Philip Desjardins Weighs in on FDA User Fee Debate in Citeline
Philip Desjardins, Life Sciences & Healthcare Regulatory partner and former official with the Food and Drug Administration’s (FDA) Center for Devices and Radiological Health (CDRH), was quoted in the Citeline article, “Will Kennedy and Makary Come to Terms on User Fees During Next Round of MDUFA Negotiations?” The piece explores the political and policy tensions surrounding the upcoming reauthorization of the Medical Device User Fee Amendments (MDUFA).
Desjardins addressed concerns about “regulatory capture,” noting that medical device firms do not expect the FDA to scrutinize their products with any less rigor because of the fees they pay. Instead, he explained, user fees are viewed as a vehicle through which the agency provides a level of predictability and timing around the review process. “Many large, sophisticated companies get told no on a regular basis,” he said, pointing to the FDA’s continued scrutiny of product safety and data quality as evidence that the system functions as intended.

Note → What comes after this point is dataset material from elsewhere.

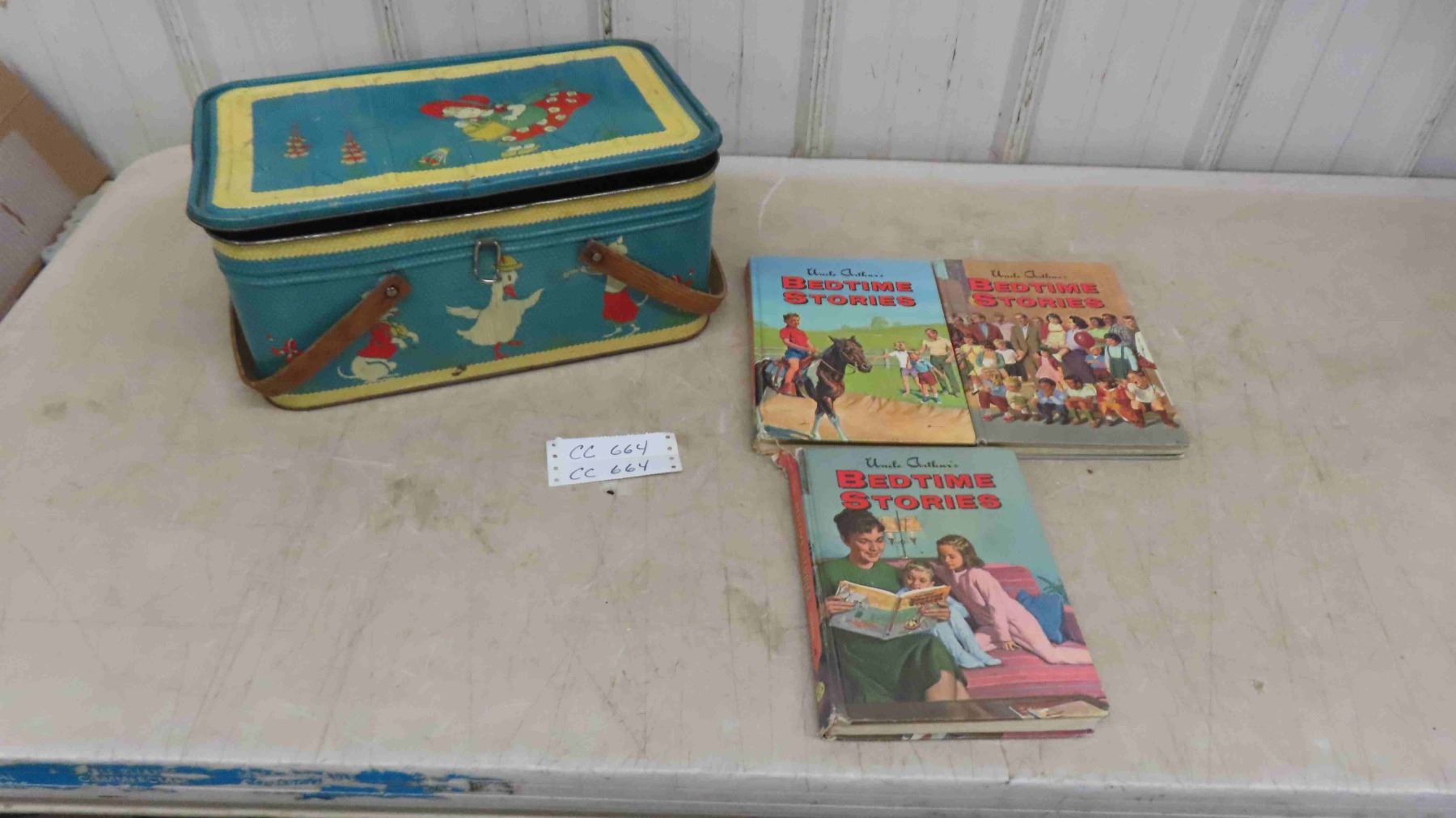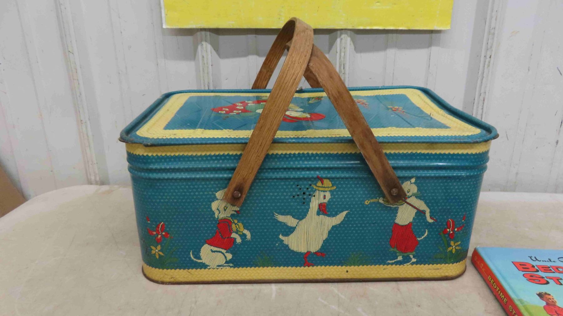 Vintage Metal Picnic Basket 3 Uncle Arthurs Bedtime Story Books
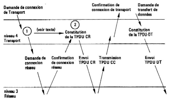 L'activation par le niveau 5 de la primitive du service de transport T-CONNECT-REQUEST a pour effet l'activation par le niveau 4 (après choix de l'adresse réseau du destinataire) d'une primitive du niveau 3 demandant une connexion réseau. Lorsque cette connexion est établie, l'entité de transport peut envoyer la TPDU CR correspondant à rappel en cours. Ce n'est qu’à réception if une TPDU CC que l’activation de la primitive transport T-CONNECT-CONFIRM pourra avoir lieu vers le niveau 5 permettant alors le transfert de données. Il faut remarquer qu'il est parfois possible de passer directement de l'étape 1 à l’étape 2 de la figure 10.15 lorsque le multiplexage est possible et qu’il existe déjà une connexion de réseau satisfaisante.

Desjardins also emphasized the critical role user fees play in maintaining FDA operations, supporting both innovation and public confidence. “One of the things that allows for so much innovation and growth in the medtech sector, particularly in the US, is a healthy and robust FDA regulatory system for industry,” he said. “There’s a level of comfort in launching a product in the US knowing that it went through one of the most strenuous and scrutinized regulatory processes looking at safety and efficacy that can be done.”